Я пришел в себя. Рядом, прямо надо мной, склонился мужчина и внимательно всматривался в мое лицо: встревоженный взгляд незнакомца впивался в меня с необъяснимым упорством.
— Прошу прощения, — шепнул он, чуть приподнимая дорожную фуражку, с которой на резиновый плащ стекала вода, — кажется, я прервал сон.
Я не мог как следует собраться с мыслями, чтобы сказать хоть что-то в ответ.
— Видите ли, — невозмутимо продолжил он, — устроился я, черт возьми, прескверно. Привлеченный в качестве эксперта в состав судебной комиссии, я выехал вместе со всеми на место преступления. Заметьте: мужик был избит до смерти, как обычно, в корчме в воскресенье. Вот скоты! Череп расколот надвое, от затылка… жердью из ограды.
Так вот, после того, как я уладил это «премилое» дельце, у меня осталось немного свободного времени. Судья якобы должен был оформить некоторые документы с сельским старостой. Тогда я отправился в лес. Пан знает эти края — чудесные пущи, не так ли? А ведь пан мне не поверит — я совсем сбился с пути. Здешние люди говорят, что в лесах таится наваждение… ха-ха! Вот и меня какой-то леший занес в самую глушь. Было уже совсем темно, и дождь порядочно хлестал, когда я, наконец, выбрался по крутым бездорожьям на тракт. Разумеется, было слишком поздно, да и ливень был достаточно силен, но, заметив панский огонек, я не мог не выразить ему своего почтения… ведь пан не выставит меня из убежища?
— Ну, оно-то и понятно, пожалуйста, — ответил я с видимым усилием. — Впрочем, признаюсь пану доктору, что я давно его здесь поджидал.
Он с удивлением посмотрел в мои глаза. Через минуту, улыбаясь, снисходительно заметил:
— Мне кажется, что пан никак не может избавиться от остатков сна, в котором я его застал. Ведь пан все же не слишком весело дремал. Я имел возможность немного поизучать ваше лицо: сначала неопределенная улыбка блуждала в уголках губ — вот такая, как сейчас, потом восторженное озарение и…
— Ну, полноте, пан!..
— Пан крикнул…
— Я крикнул?! Иллюзия! Это все иллюзия! Я совсем не спал…
— Все это странно… хотя… возможно. Пан не смыкал очей все это время ни на миг. Только все это выглядело так, будто пан, несмотря ни на что, не замечал моего присутствия. Это был тупой, стеклянный взгляд. А не испытывает ли пан иногда чего-то подобного?
— Доктор! Оставим это, прошу.

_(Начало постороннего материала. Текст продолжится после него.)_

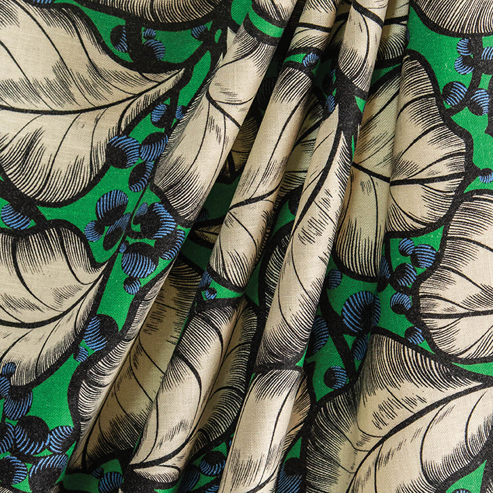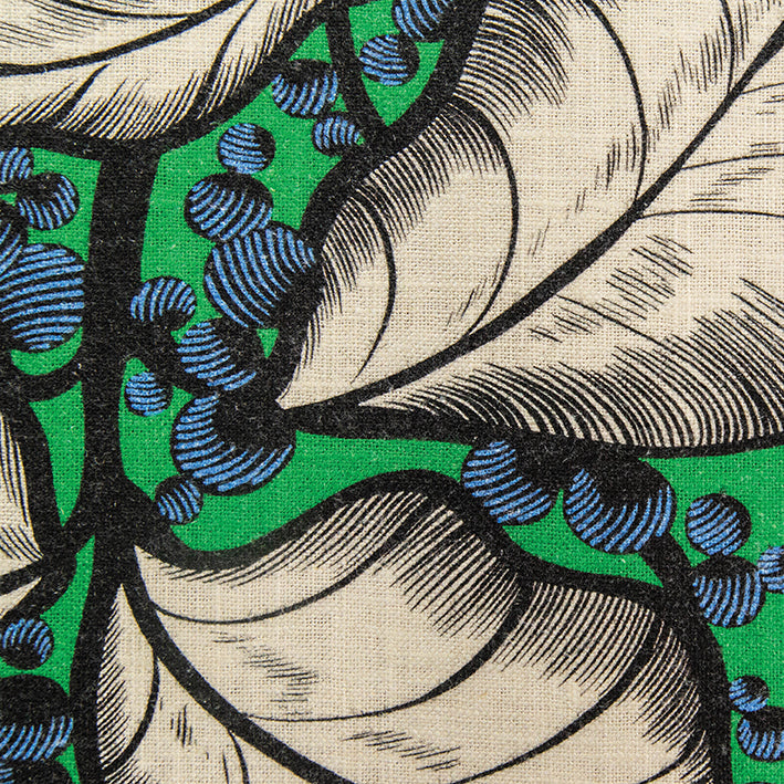 Pepper Tree is a bold and stunning printed fabric with off-white leaves and royal blue floral accents against a rich emerald green background. The foreground print is complete with a thick black outline that is a statement but also pleasing to the eye as it breaks up details. This fabric would be stunning as statement curtaining, cushions, and occasional upholstery to bring a pop of colour to any decor.
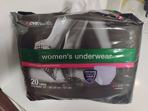 CVS Women's Underwear Moderate Absorbency, 20 Count, Large 2 packs for $20. Brand new sold as 2 packs only Cash only Pick up in forest hills.
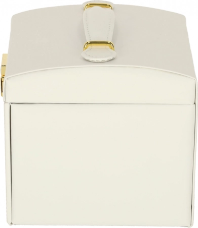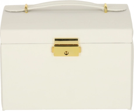Die robuste Verarbeitung, das weiße Design mit goldenen Details und die Möglichkeit, es mit einem Schlüssel zu verschließen, gewährleisten eine sichere Aufbewahrung Ihrer Schätze zu Hause und auf Reisen. Das Schmuckkästchen ist leicht, kompakt und zugleich ausreichend geräumig für größere Sammlungen.
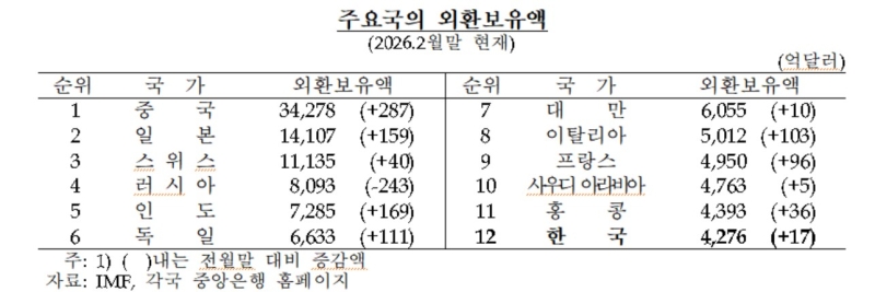 한은 관계자는 "3월 달러 강세로 기타 통화 외화자산의 달러화 환산액이 줄어든 데다, 국민연금과 외환 스와프 등 외환시장 안정화 조치도 실행되면서 외환보유액이 줄었다"고 설명했습니다.
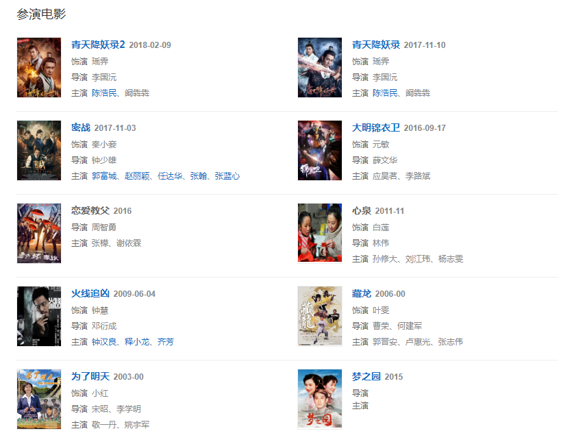 代表作品:女人花、回家的誘惑、百萬(wàn)新娘之愛(ài)無(wú)悔、太平公主秘史、武媚娘傳奇、活佛濟(jì)公、隋唐英雄
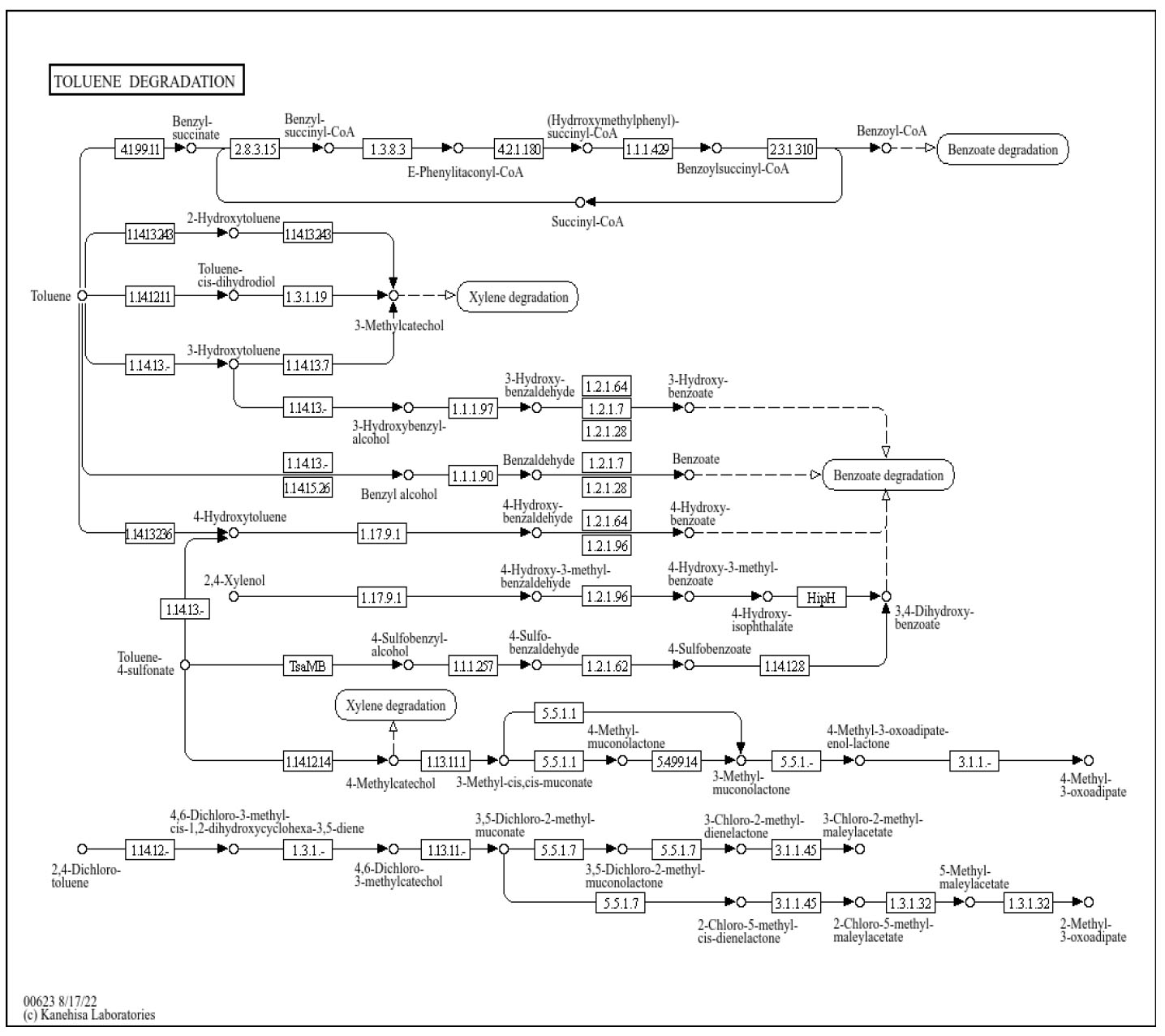 Degradation pathways of organic compounds in Pseudomonas with key genes.

Думаю, будет лучше, если вы снимете промокший плащ и повесите его над огнем.
— Так и быть, — ответил он, немного смутившись, снимая верхнюю одежду, которую затем распростер между решетинами под навесом. Лишь сейчас я полностью увидел молодого мужчину с красивым лицом, окаймленным густой, темной растительностью. Черное, искрящееся внутренней энергией око излучало решительность и храбрость. Элегантный, но без лоска костюм подчеркивал сильные и стройные формы. Вся фигура дышала ядреной и необузданной силой молодости и счастья. Безмятежный высокий лоб и молодая, здоровая улыбка, время от времени пробегавшая по узким губам, красноречиво об этом свидетельствовали.

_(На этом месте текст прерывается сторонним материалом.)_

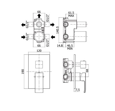 - głębokość zabudowy elementu podtynkowe (min/max): 46,5mm - 61,5mm
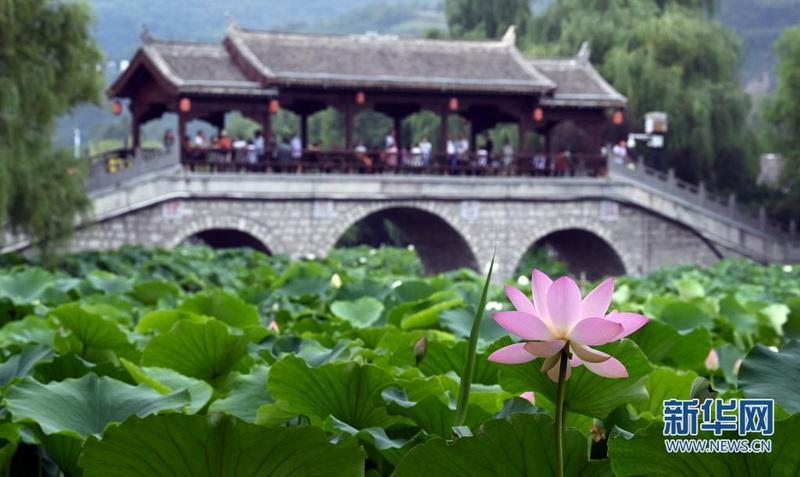 7月25日,游人在陜西省商洛市丹鳳縣棣花古鎮(zhèn)的風雨橋上觀賞荷花。
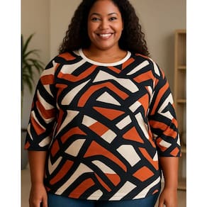 A Blusa Feminina Manga 3/4 Estampada Plus Size Laiza é perfeita para quem busca praticidade, conforto e estilo em uma única peça.
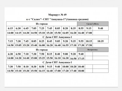 15) Маршрут № 49 (к-т Салют - СТ "Аннушка-1")
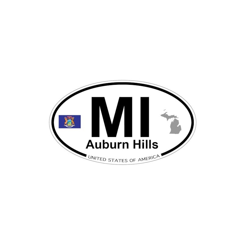 US Decal, Inc. Auburn Hills, Michigan Oval Sticker with State Flag
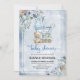 Inbjudan till vintage med en illustration av en baby-vagn och en baby-björn. I hörnen finns en bukett av blåa blommor

Глядя на него, я испытывал самые разнообразные чувства. И все же одно из них вознеслось над этим безграничным хаосом. Итак, я чувствовал, что меня что-то связывает с этим человеком — какая-то невидимая, тайная нить. По отношению к нему я ощущал необъяснимую нежность и заботливость. Но в этом было что-то необычайно отвратительное — словно умиление палача над своей жертвой. Иногда острая боль и сострадание нестерпимо терзали меня, однако вскоре они отступили перед могущественным первостепенным чувством. Желчная судорога перекосила мое лицо, скрючивая его в сатанинскую, демоническую гримасу.
А между тем доктор подкатил к костру кругляк[296] и уселся напротив, разогревая посиневшие от холода ладони.

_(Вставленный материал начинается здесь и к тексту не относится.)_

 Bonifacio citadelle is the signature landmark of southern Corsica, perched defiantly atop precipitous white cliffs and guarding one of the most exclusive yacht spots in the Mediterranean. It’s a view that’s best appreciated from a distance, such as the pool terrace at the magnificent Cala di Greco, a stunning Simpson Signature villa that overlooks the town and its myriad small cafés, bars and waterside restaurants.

Ненадолго воцарилось неловкое молчание, лишь едко шипел огонь да шепелявила сочащаяся древесная живица… Вдруг тишину надорвал пронзительный крик филина — протяжный, траурный…
«Пора!», — стремглав промчалось через мой мозг и засело в сумерках души.
— Доктор, — начал я хрипло, неловко, — пан верит в предчувствия?
Он задрожал. Его темное око с тревогой вперилось в мое:
— Предчувствие?.. Не знаю, право, сам никогда ничего подобного не испытывал. Есть люди, чуткие к подобным вещам, — остальные же совсем на них не реагируют.
— В таком случае им нужно помочь, — шепнул я с дьявольским блеском в глазах.
— Но ведь пан обезумел! — он возмутился, выпрямившись от негодования. — Зачем?! Почему?!
— Ха-ха! Пан неотвратим. Спроси-ка мимозу, почему она сворачивает свои лепестки на столе, спроси-ка птиц, зачем они летят в теплые края? Это неизбежность!
Доктор беспокойно мерил широкими шагами кирпичный заводик, время от времени поглаживая бороду узкой, почти женской рукой, на среднем пальце которой в отблесках пламени сверкало золотое кольцо.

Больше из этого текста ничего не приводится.